==== SOURCE DATA

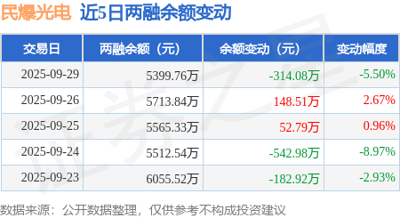 证券之星消息,9月29日,民爆光电(301362)融资买入401.94万元,融资偿还716.01万元,融资净卖出314.08万元,融资余额5399.76万元。
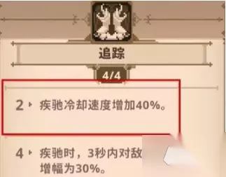 二、套装:【追踪】。 1、两件套可以使疾驰冷却速度增加。 2、四件套可以使对敌人的伤害增加,一个持续三秒时间。
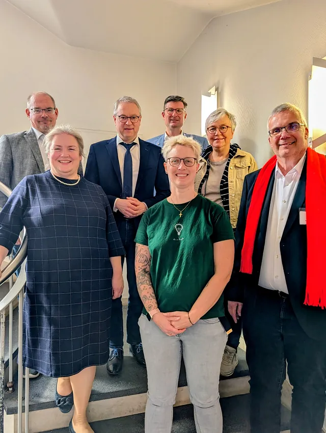 Zum Kirchenkreisvorstand gehören vlnr: Edda Steinmetz, Pfarrer Lars Peter Rilke, Dekan Dr. Thorsten Waap, der stellvertrende Dekan Marvin Lange, Simone Möhring, Hilde Hehr-Willhardt und der Vorsitzende der Synode, Andreas Maraun. Nicht im Bild: Theresia Vonderau-Fern.
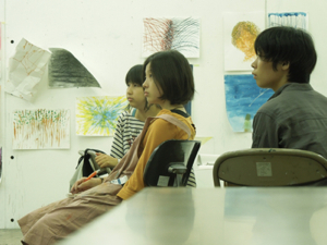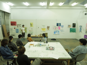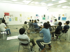 作者は前に出て作品について簡単な解説をし、みんなでディスカッションします。こうすることで自分と他者との認識のズレ、何が伝わって何が伝わっていないのかを確認していきます。今後、この授業では、版画技法を用いた表現も行う予定です。自身の主題と表現について、様々な方法や素材から、考察していくよい機会になる授業ですね。
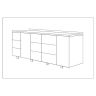 - 1 секция: 3 маленьких ящика; 2 секция: дверь; 3 секция: 3 маленьких ящика; 4 секция: 3 маленьких ящика
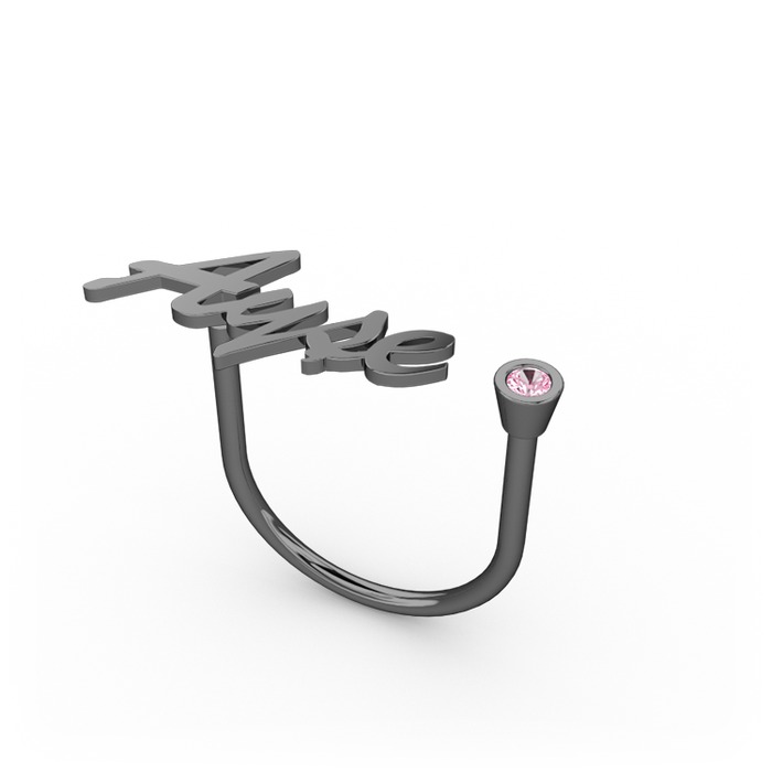 Pembe kuvars 925 ayar siyah rodyum kaplama gümüş yüzük (4 karakterli el yazısı)
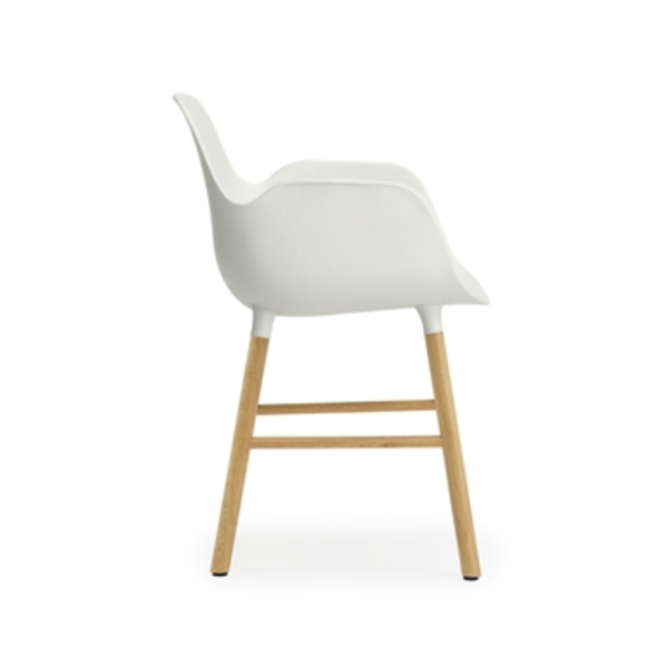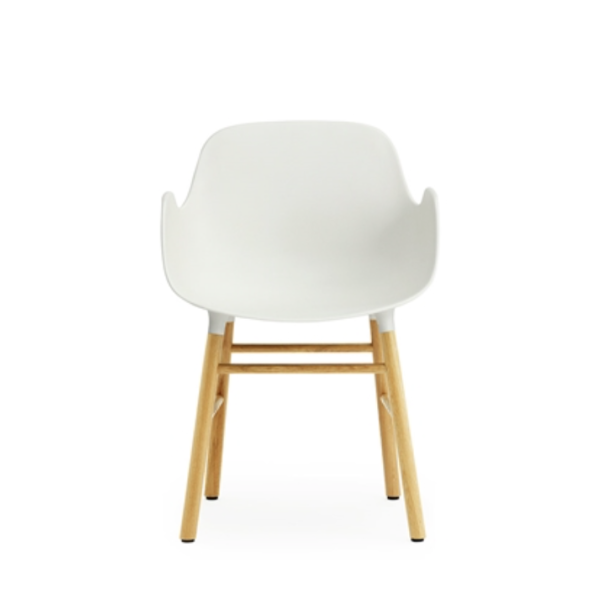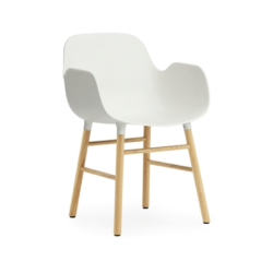 Form käsinojallisessa tuolissa kaunis tammipuinen runko yhdistyy käyttökelpoiseen muovi-istuinosaan. Saatavilla kuusi toimivaa värivaihtoehtoa: valkoinen, tummanvihreä, harmaa, musta, ruosteenpunainen ja harmaansininen.
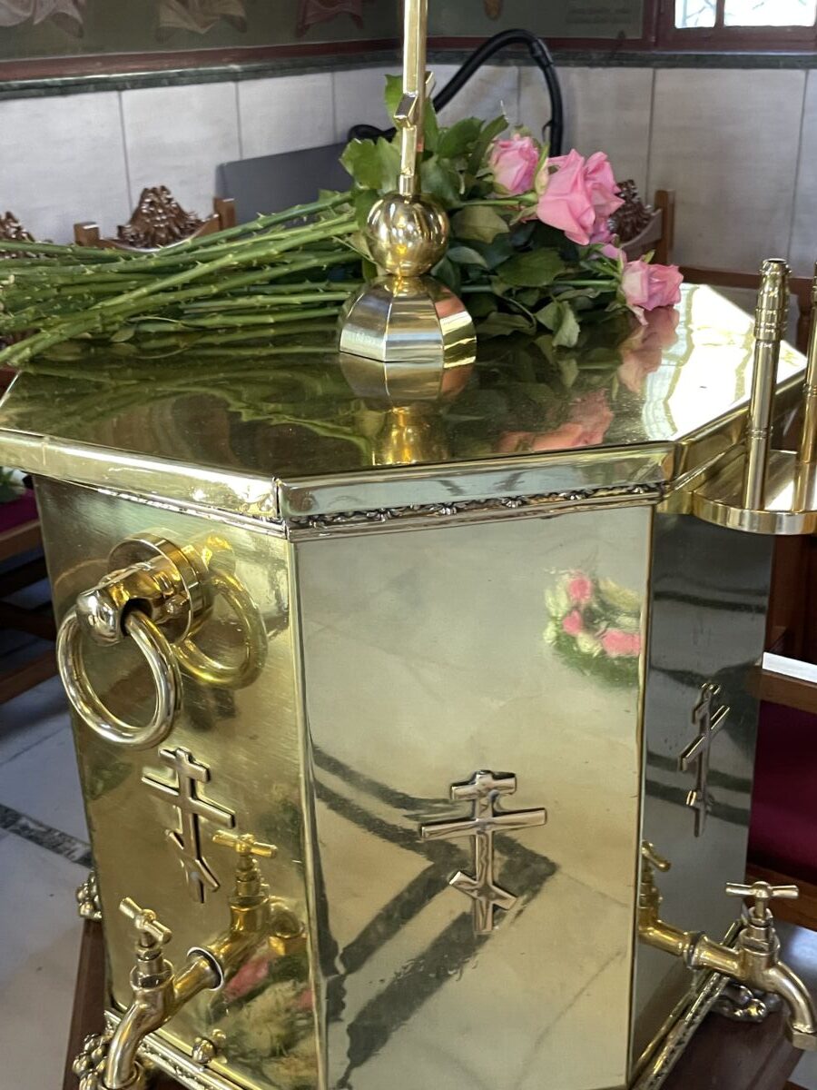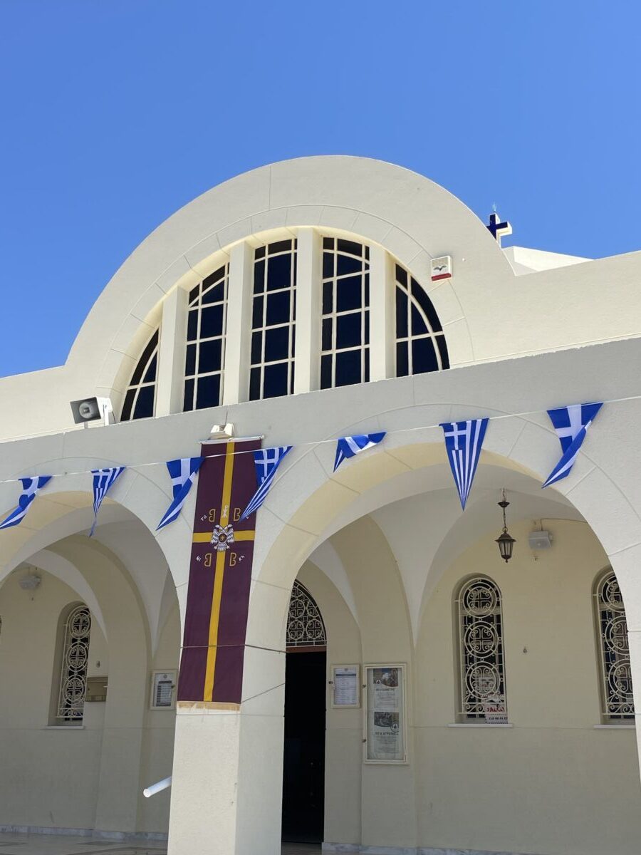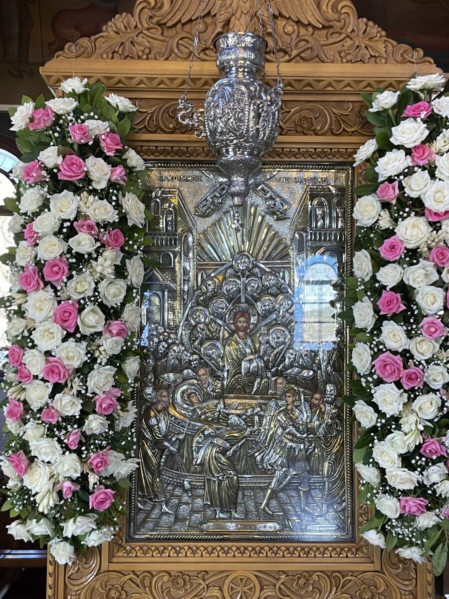 Η εκκλησία αυτή αύριο γιορτάζει και στολίσμενη  με λευκά και ροζ τριαντάφύλλα είναι έτοιμη να υποδεχθεί τους πιστούς όχι μόνο της ενορίας .
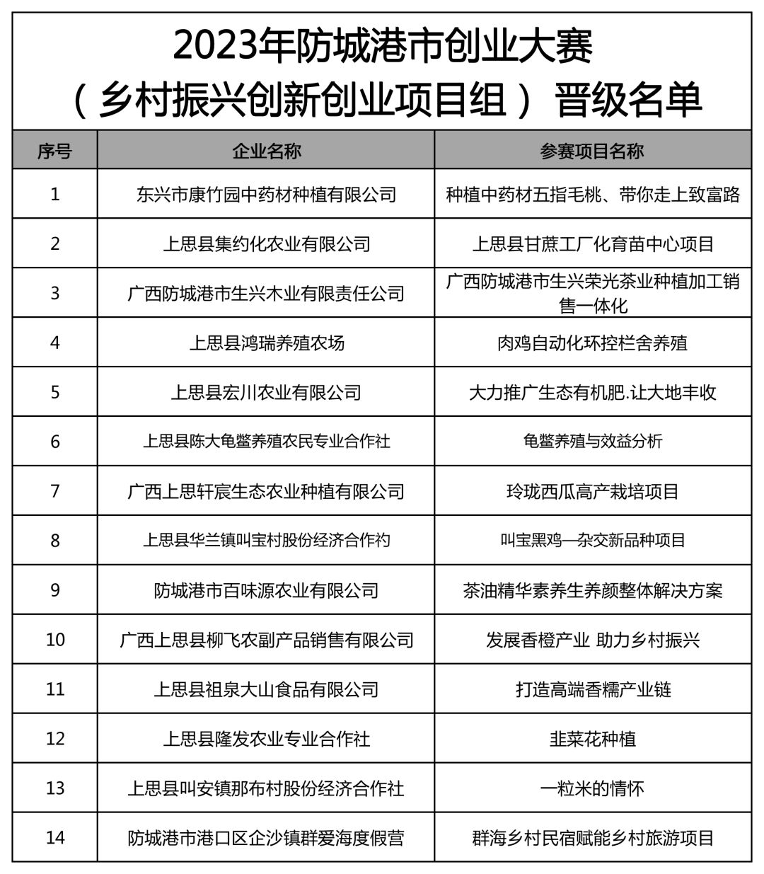 2023年防城港市创业大赛初赛结果发布,29个项目晋级决赛!
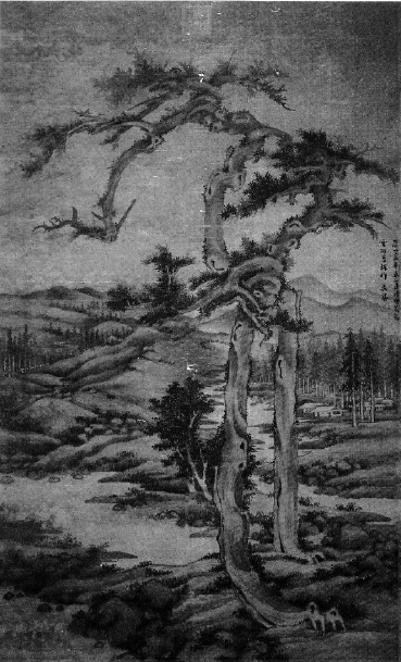 而藏于臺北故宮博物院的《雙松圖》也是代表。此圖在吳鎮(zhèn)作品中署年款最早,題款中有“泰定五年”數(shù)字,則此圖應(yīng)為1328年作品,吳鎮(zhèn)時年49歲。
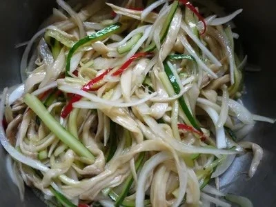 Nấm đùi gà có thể được thái lát bằng dao hoặc xé thành sợi bằng tay. Nhớ chần kỹ trước khi làm món ăn. Ớt chuông xanh cũng có thể được chần sơ rồi trộn, hoặc bạn có thể trộn chúng với dầu nóng trước để làm nổi bật hương thơm.
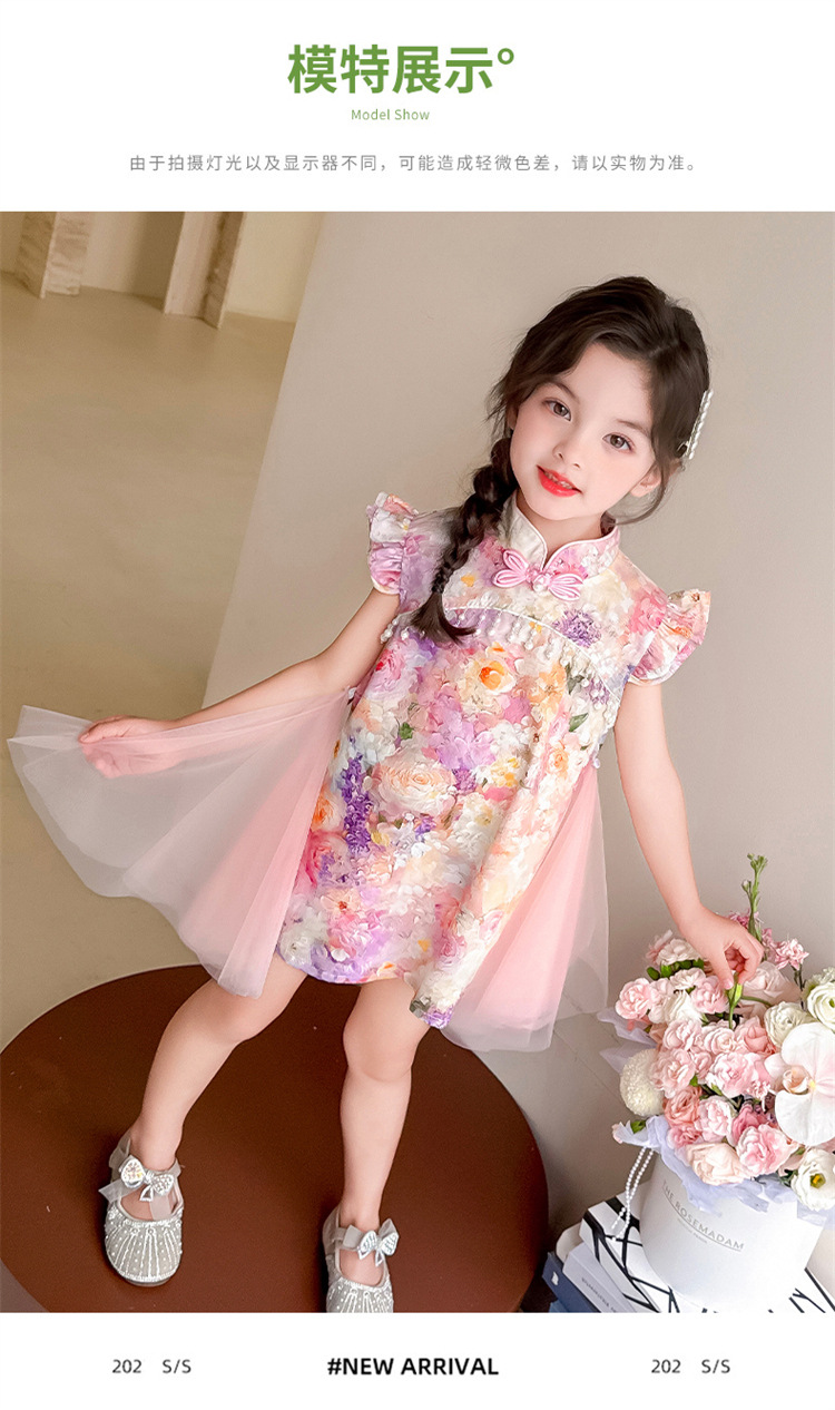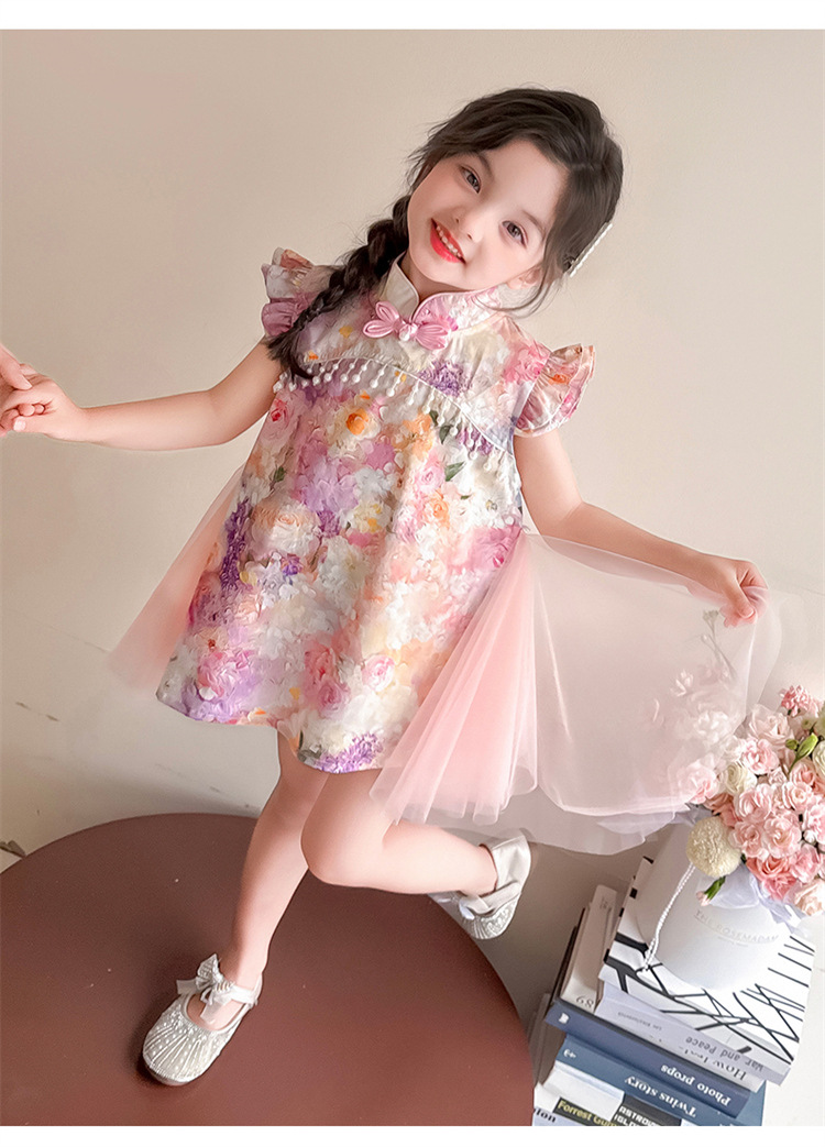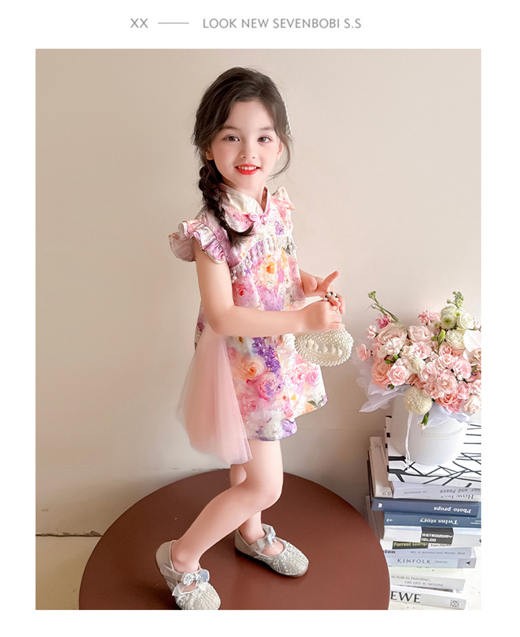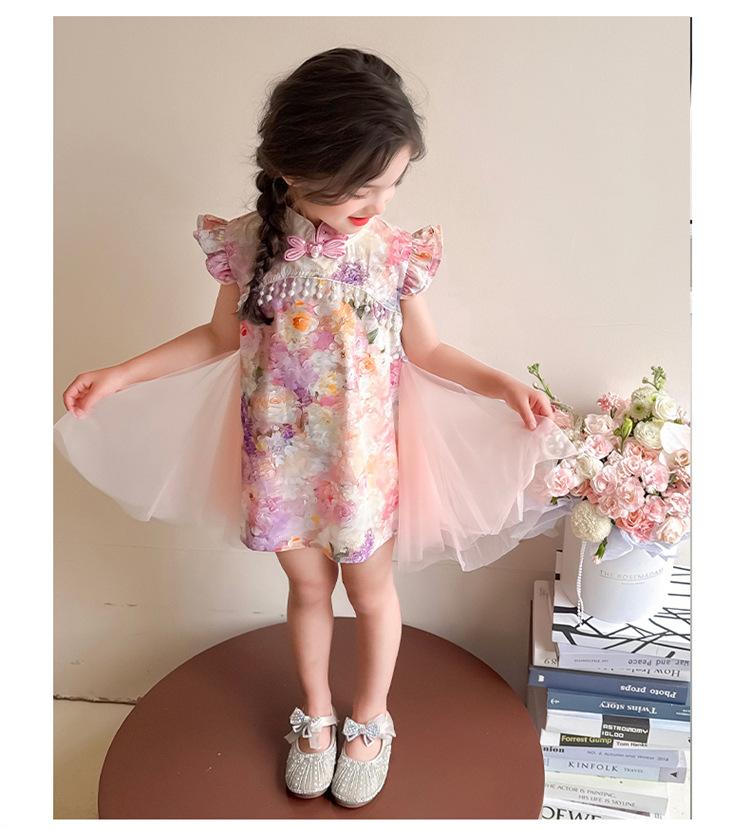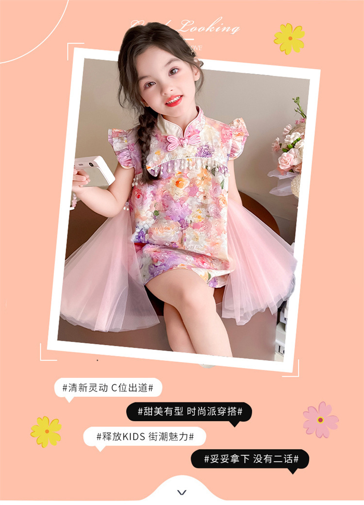 여자 구펑 플라잉 슬리브 청삼 스커트 2025 여름 새로운 패션 어린 소녀 세련된 원피스 어린이 치마
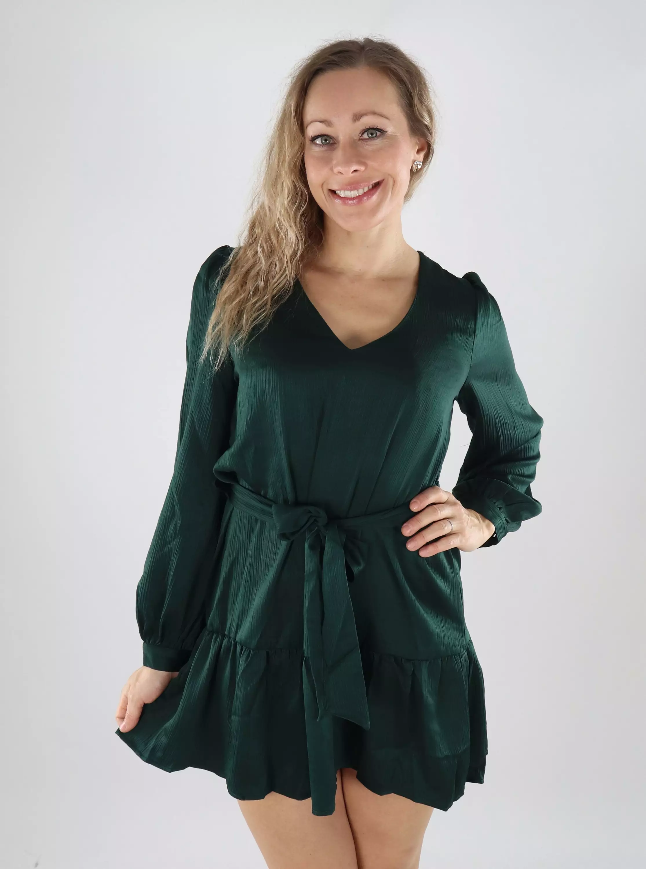 Onlys kortärmade klänning imponerar med sin lätt veckade yta och mörkgröna nyans. Det lätta materialet och det vackert böljande tyget gör den till ett mångsidigt val!

========

HOW TO COMPLETE THIS TASK
Give the entries again, exactly and in full, with no image included.

RESPONSE AREA
 证券之星消息,9月29日,民爆光电(301362)融资买入401.94万元,融资偿还716.01万元,融资净卖出314.08万元,融资余额5399.76万元。
 二、套装:【追踪】。 1、两件套可以使疾驰冷却速度增加。 2、四件套可以使对敌人的伤害增加,一个持续三秒时间。
 Zum Kirchenkreisvorstand gehören vlnr: Edda Steinmetz, Pfarrer Lars Peter Rilke, Dekan Dr. Thorsten Waap, der stellvertrende Dekan Marvin Lange, Simone Möhring, Hilde Hehr-Willhardt und der Vorsitzende der Synode, Andreas Maraun. Nicht im Bild: Theresia Vonderau-Fern.
 作者は前に出て作品について簡単な解説をし、みんなでディスカッションします。こうすることで自分と他者との認識のズレ、何が伝わって何が伝わっていないのかを確認していきます。今後、この授業では、版画技法を用いた表現も行う予定です。自身の主題と表現について、様々な方法や素材から、考察していくよい機会になる授業ですね。
 - 1 секция: 3 маленьких ящика; 2 секция: дверь; 3 секция: 3 маленьких ящика; 4 секция: 3 маленьких ящика
 Pembe kuvars 925 ayar siyah rodyum kaplama gümüş yüzük (4 karakterli el yazısı)
 Form käsinojallisessa tuolissa kaunis tammipuinen runko yhdistyy käyttökelpoiseen muovi-istuinosaan. Saatavilla kuusi toimivaa värivaihtoehtoa: valkoinen, tummanvihreä, harmaa, musta, ruosteenpunainen ja harmaansininen.
 Η εκκλησία αυτή αύριο γιορτάζει και στολίσμενη  με λευκά και ροζ τριαντάφύλλα είναι έτοιμη να υποδεχθεί τους πιστούς όχι μόνο της ενορίας .
 2023年防城港市创业大赛初赛结果发布,29个项目晋级决赛!
 而藏于臺北故宮博物院的《雙松圖》也是代表。此圖在吳鎮(zhèn)作品中署年款最早,題款中有“泰定五年”數(shù)字,則此圖應(yīng)為1328年作品,吳鎮(zhèn)時年49歲。
 Nấm đùi gà có thể được thái lát bằng dao hoặc xé thành sợi bằng tay. Nhớ chần kỹ trước khi làm món ăn. Ớt chuông xanh cũng có thể được chần sơ rồi trộn, hoặc bạn có thể trộn chúng với dầu nóng trước để làm nổi bật hương thơm.
 여자 구펑 플라잉 슬리브 청삼 스커트 2025 여름 새로운 패션 어린 소녀 세련된 원피스 어린이 치마
 Onlys kortärmade klänning imponerar med sin lätt veckade yta och mörkgröna nyans. Det lätta materialet och det vackert böljande tyget gör den till ett mångsidigt val!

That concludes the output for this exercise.